A friend thinks learning a foreign language keeps our minds sharp. It must not be working, or I wouldn’t be trying to learn French.

Excerpted from Return of the Floozy. Copyright 2013 by Stephen B. Bagley. All rights reserved. No copying in any form. Thank you for reading. 

3 comments:

Jean said...

I had most of a year of German in 9th grade, then I moved to Ohio. I started over and took two years of French (from a choice of that or Latin). My decreasing grades indicated if I took a third year of French, I might not have graduated high school, so I quit while I was behind. Since I had to take a language to graduate from college, I took German. The final class I took before graduation was the final German class I needed to take. I think I barely passed.
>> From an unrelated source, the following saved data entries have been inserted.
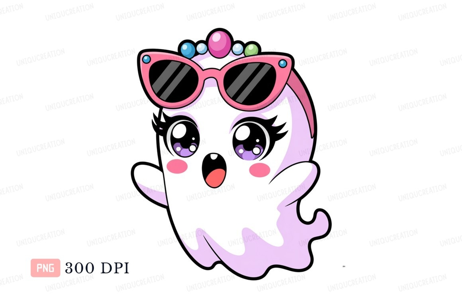 Cute ghost wearing sunglasses and tiara cartoon example image 1
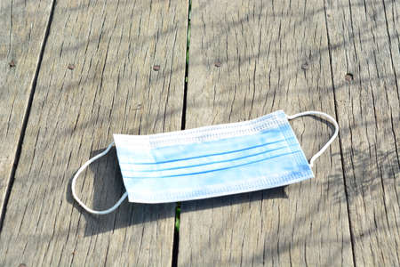 Medical face mask on floor street pavement. Virus protection healthcare item equipment. used. Dirty.
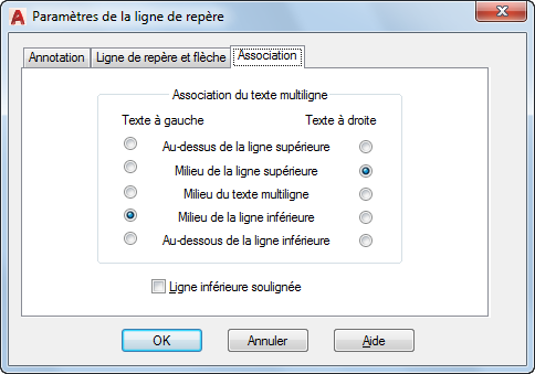 Définit l'emplacement d'attachement des lignes de repère et du texte multiligne d'annotation. Cet onglet est uniquement disponible si Textmult est sélectionné dans l'onglet Annotation.
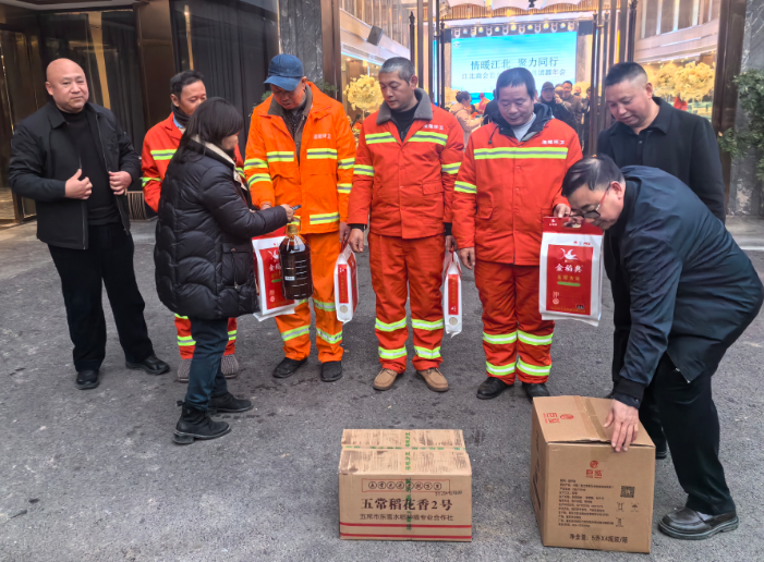 2026年1月16日 重庆伊辰涂料有限公司总经理 冉大武 在风琴半岛 参加涪陵区江北办事处 江北商会年终 总结会 并慰问环卫工人。
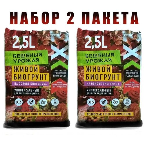 Грунт Универсальный для всех видов цветов. Бешеный Урожай 2.5л. Набор два пакета
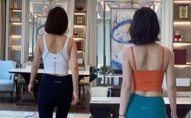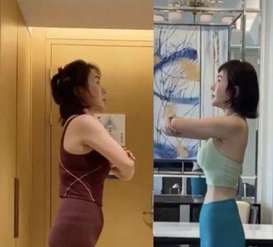 「艾童小姐姐」坚持一年多开合跳,指出有助练出少女背,穿上小背心时露出骨感美。而前方的肚子也愈来愈平坦。图中为9个月成果。
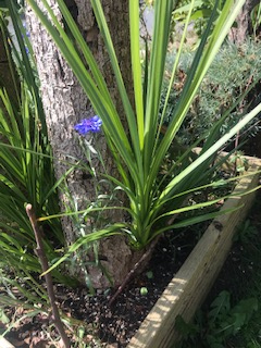 Its a cordyline and you can ease the side shoots off and repot and you will have replacement plants. You can then cut the dead plant down and replant in the same location if you wish after giving the soil a good feed and mulch.
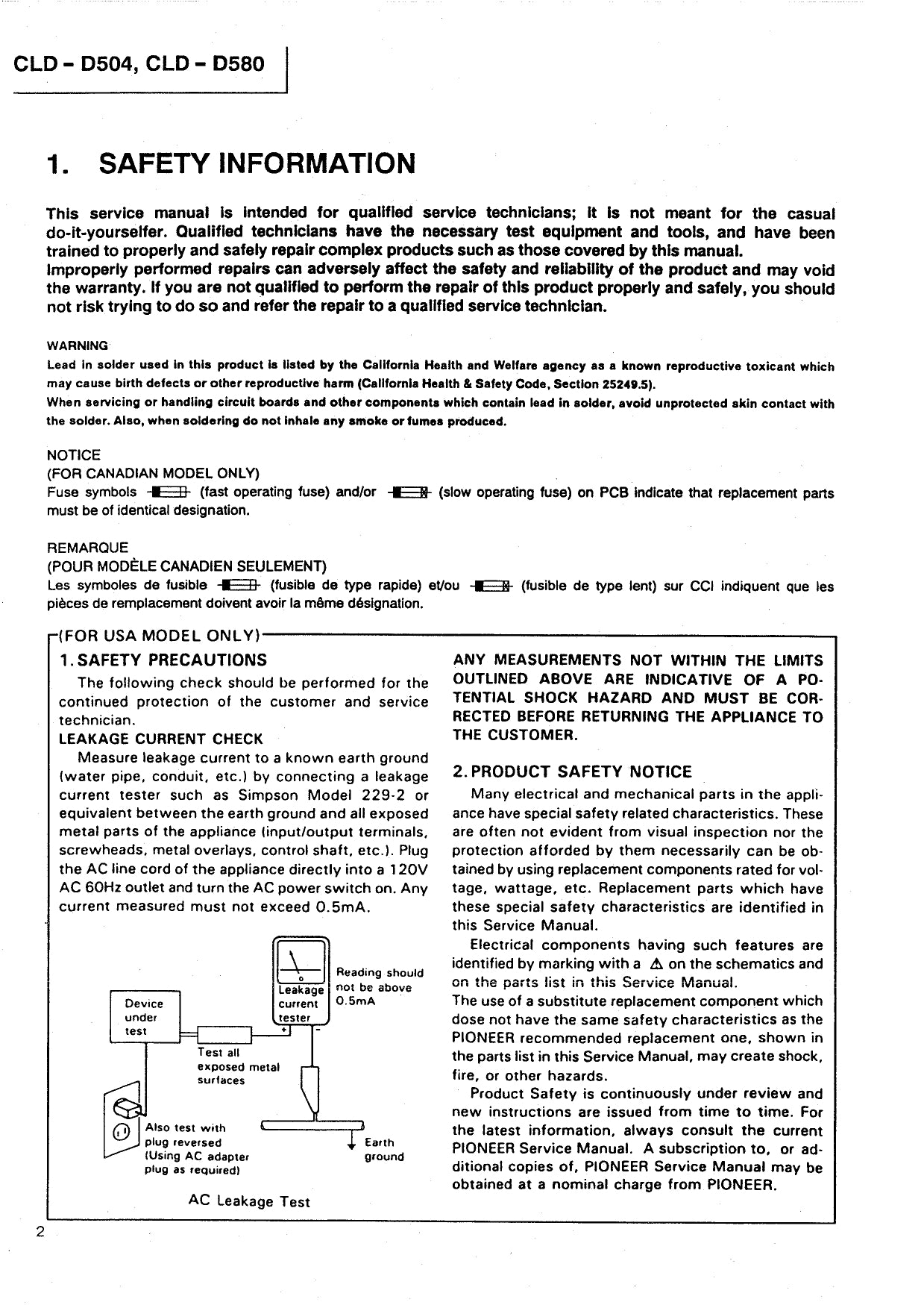 Pioneer CLD-D504 & CLD-D580 CD/ CDV/ LD Player Service Manual (Pages: 54)

While in the Middle East, I managed to learn to decipher a few numbers (as Mr L points out, we use Arabic numbers, so my success is less than amazing).

Now, I live in Central Texas, where I would have done well to have taken Spanish.

For a couple of years, I had access to a full range of those language courses where you learn by immersing yourself in the language -- just like I learned English, but hearing it being spoken and reading it. I tried German, Spanish, and even Chinese (just in case it clicked with me -- it did not). I did best with German, but I think that's because I've been exposed to it longer.

In truth, I did terrible with all of them. From this experience, I can't imagine the miracle by which I was able to learn English.

EJ said...

I actually got good grades in the semester of French I was required to take. Or at least for most of it. I was taking Algebra at the time with far less success, and toward the end of the semester Algebra was taking study time away from French, so my grade slipped a little. I'm not sure why I didn't continue with it because the teacher was wonderful. It must have conflicted with band or chorus, which were far more important then.

Stephen B. Bagley said...

Jean, I've always wondered about the immersion courses. In movies, the pilot who lands behind enemy lines somehow makes himself be understood. I would have starved or been shot very early on.

Wendy, I always got good grades in French -- I took two semesters in college -- but I never got to the point where I could carry on any conversation that didn't involve the weather, where or not Jacques was going to join us at the fair, or the fork and spoon by the plate. If they wanted to talk about something else, they were out of luck!